Ein marktübliches Damnum ist im Jahr der Verausgabung bzw. der Einbehaltung in voller Höhe als Werbungskosten abzugsfähig.[3] Aus Vereinfachungsgründen kann von der Marktüblichkeit ausgegangen werden, wenn für ein Darlehen mit einem Zinsfestschreibungszeitraum von mindestens 5 Jahren ein Damnum i. H. v. bis zu 5 % vereinbart worden ist.[4]

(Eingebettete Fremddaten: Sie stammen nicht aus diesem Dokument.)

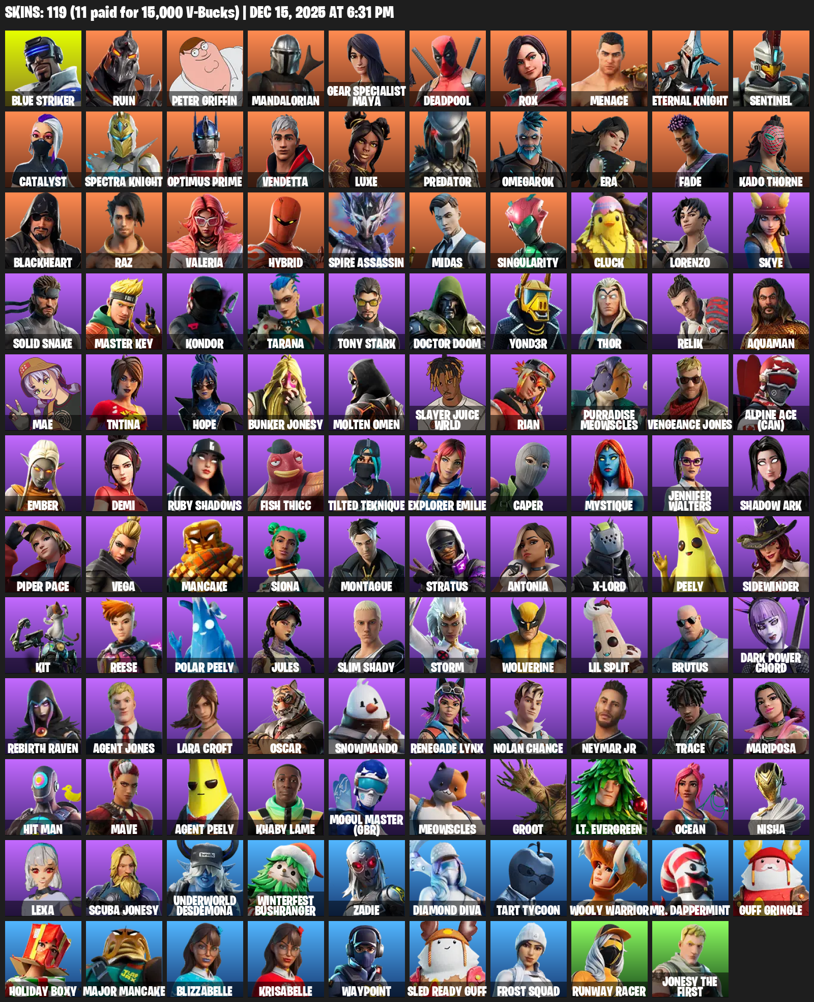 Gear Specialist Maya, Lara Croft, Blue Striker, Ruin, Peter Griffin, Mandalorian, Deadpool, Rox, Menace, Eternal Knight, Sentinel, Catalyst, Optimus Prime, Vendetta, Luxe, Predator, Omegarok, Era, Fade
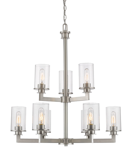 9 Light Chandelier The contemporary Savannah family adds sophistication to home décor. The beautifully appointed brushed nickel fixtures are perfectly paired with clear glass shades. Modern art influenced style makes this mid-century modern nine-light chandelier glow...Regular price $405.60 -
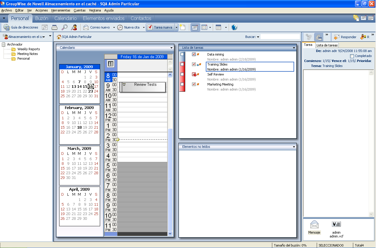 Los cambios realizados en los calendarios compartidos se actualizan siempre que se conecta al sistema principal de GroupWise.
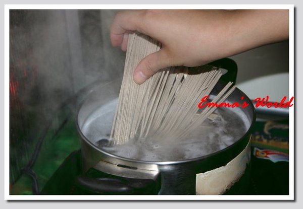 步驟一:煮一大鍋水,水開之後,將麵條放射狀放入滾水中。
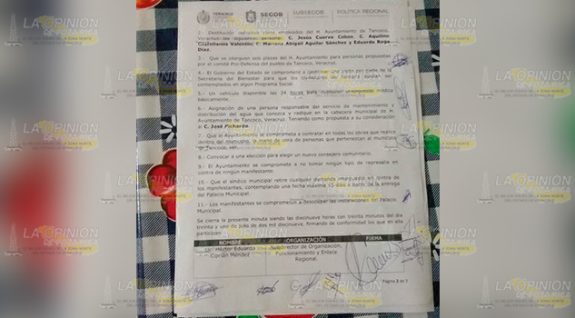 Entre los acuerdos que llegaron fue la reinstalación de los empleados que fueron despedidos injustamente, destitución de manera definitiva de los trabajadores Jesús Cuervo Cobos tesorero municipal, Aquilino Castellanos Valentín Contralor, Mariana Aguilar Contralora, Eduardo Raga Díaz Asesor, que se otorguen plazas para personas propuestas como el comité Pro defensa del Pueblo de Tancoco, un vehículo disponible las 24 horas para cualquier emergencia, el gobierno del estado se compromete a gestionar una visita por parte de la Secretaria de Bienestar para incluir a más ciudadanos a los programas sociales, asignar a una persona responsable para proporcionar el servicio del Agua a los Tancoquenses, contratar mano de obra de este municipio para las acciones que realiza el Ayuntamiento, no se tomaran represalias con quienes participaron en el movimiento entre otras cosas más.

Die Vorausleistung eines Damnums vor Auszahlung des Darlehenskapitals durch den Darlehensgeber wird als rechtsmissbräuchlich i. S. d. § 42 Satz 1 AO angesehen, wenn das Darlehen oder eine ins Gewicht fallende Teilauszahlung des Darlehens (mindestens 30 % der Darlehensvaluta einschließlich Damnum) später als 3 Monate nach Abfluss des Damnums beim Steuerpflichtigen ausgezahlt wird.[5]

Im Fall der Vereinbarung eines Zusatzdarlehens zur Begleichung des Damnums (sog. Tilgungsstreckungsdarlehen) können jeweils die hierfür aufgewendeten Zinsen und auch die zur Tilgung dieses Zusatzdarlehens geleisteten Teilbeträge gleich einem Damnum als Wer...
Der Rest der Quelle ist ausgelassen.